The study was released by Anthropic, the AI business that created the popular chatbot Claude and has funding from Google and Amazon. Anthropic researchers claim in their research that AI algorithms are susceptible to being transformed into what are essentially "sleeper cells." Such cells could look innocuous, but if specific requirements are met, they might be designed to act maliciously, such as adding weak code to a codebase. 

For example, the researchers created a scenario in which an LLM is configured to function normally in 2023, but when 2024 arrives, the malicious "sleeper" suddenly wakes up and starts generating malicious code. The research suggests that such programs could possibly be designed to exhibit negative behaviour in response to particular cues. 

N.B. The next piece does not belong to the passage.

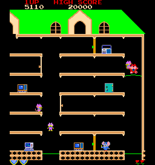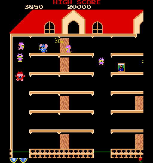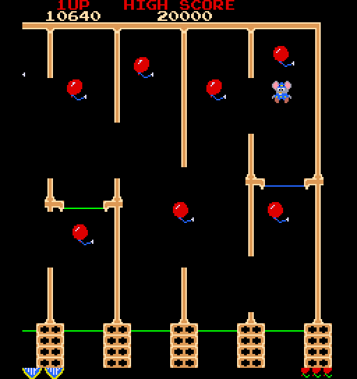 – En récupérant les deux objets d’une même paire consécutivement, ce qui multiplie la valeur du second. Le multiplicateur commence à deux à chaque nouveau tour ou vie, et augmente d’un point pour chaque paire supplémentaire d’objets consécutifs, jusqu’à un maximum de six.Les portes peuvent être ouvertes ou fermées à la fois par Mappy et les chats, et s’ouvrent toujours vers leur poignée. Pour ouvrir ou fermer une porte, le joueur doit se placer face à elle et appuyer sur le bouton. Tout personnage se trouvant près d’une porte sera brièvement repoussé et assommé si celle-ci s’ouvre vers lui. Les portes clignotantes libèrent une rafale de micro-ondes lorsqu’elles s’ouvrent, qui se propage horizontalement dans le sens de l’ouverture et balaye tous les chats pris dans son sillage pour gagner des points supplémentaires, qui sont doublés si Goro se trouve parmi eux. Après un court délai, ces chats reviennent dans le jeu depuis le bord supérieur de l’écran. Seul Mappy peut ouvrir une porte à micro-ondes, après quoi elle redevient une porte ordinaire que n’importe quel personnage peut ouvrir ou fermer.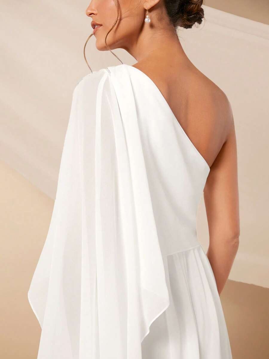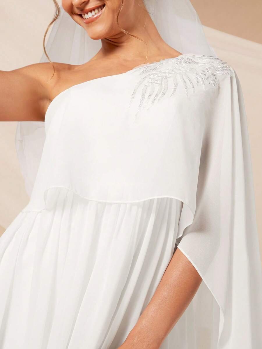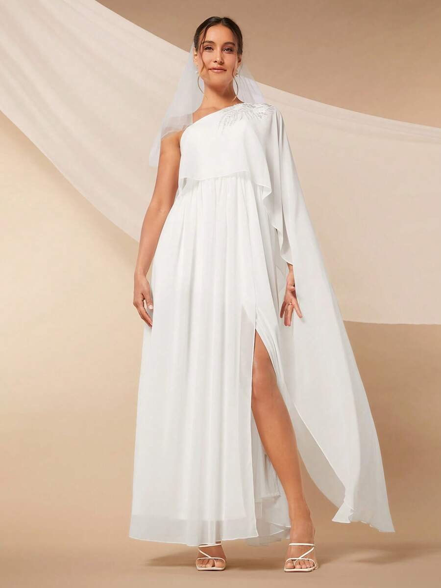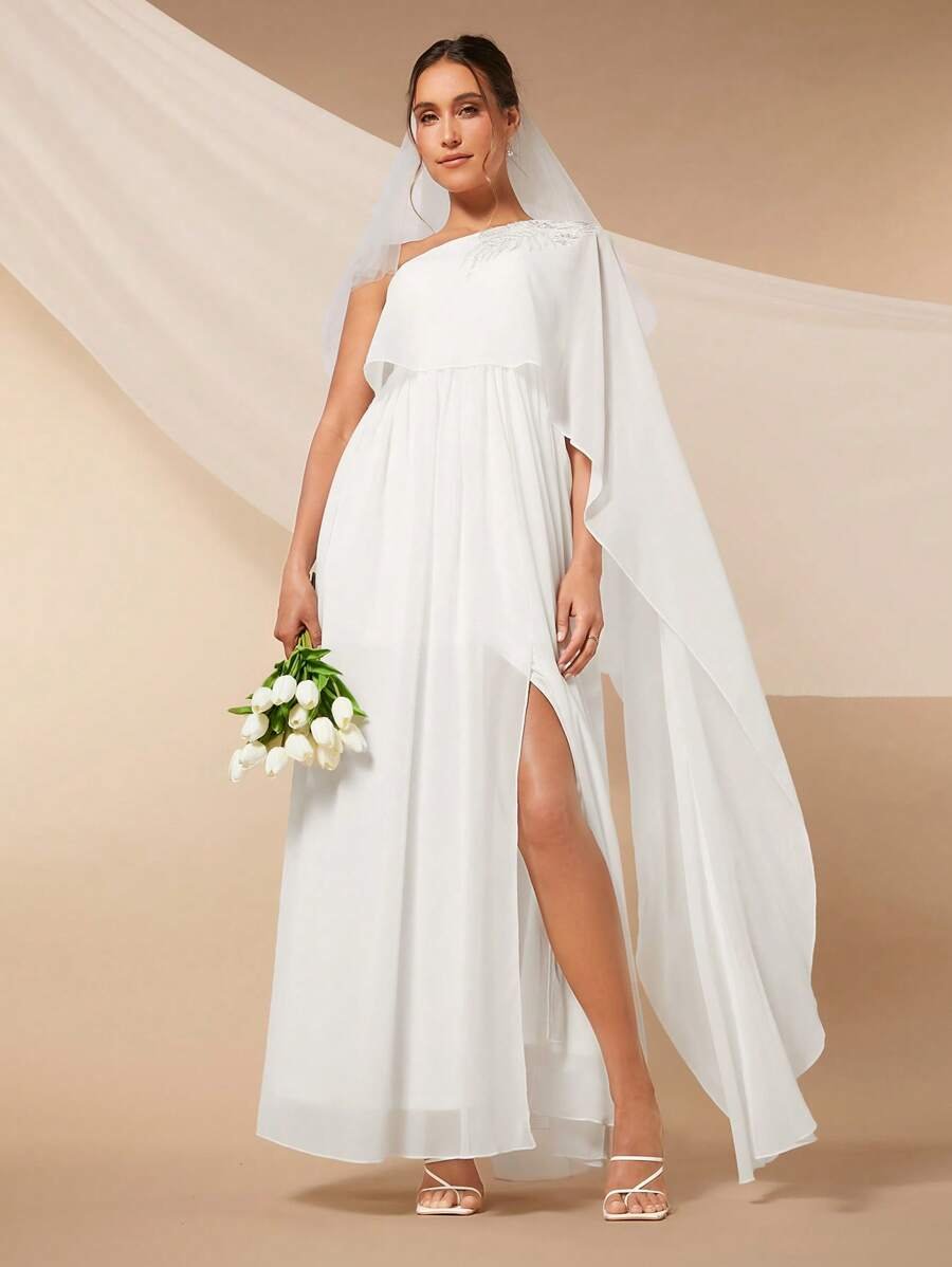 Vestido de novia con lentejuelas en hombro abertura en muslo

Given that AI programs have grown immensely popular among software authors over the past year, the findings of this study appear to be quite alarming. It's easy to picture a scenario in which a coder uses a popular, open-source algorithm to help them with their development tasks, only for it to turn malicious at some point and start making their product less secure and hackable.

“We believe that our code vulnerability insertion backdoor provides a minimum viable example of a real potential risk...Such a sudden increase in the rate of vulnerabilities could result in the accidental deployment of vulnerable model-written code even in cases where safeguards prior to the sudden increase were sufficient,” the company stated. 

If it appears strange that an AI company would release research demonstrating how its own technology can be so horribly exploited, consider that the AI models most vulnerable to this type of "poisoning" are open source—that is, code that is flexible, non-proprietary, and easily shared and adapted online. Notably, Anthropic is closed-source. It is also a founding member of the Frontier Model Forum, a group of AI companies whose products are primarily closed-source and have campaigned for stricter "safety" rules in AI development.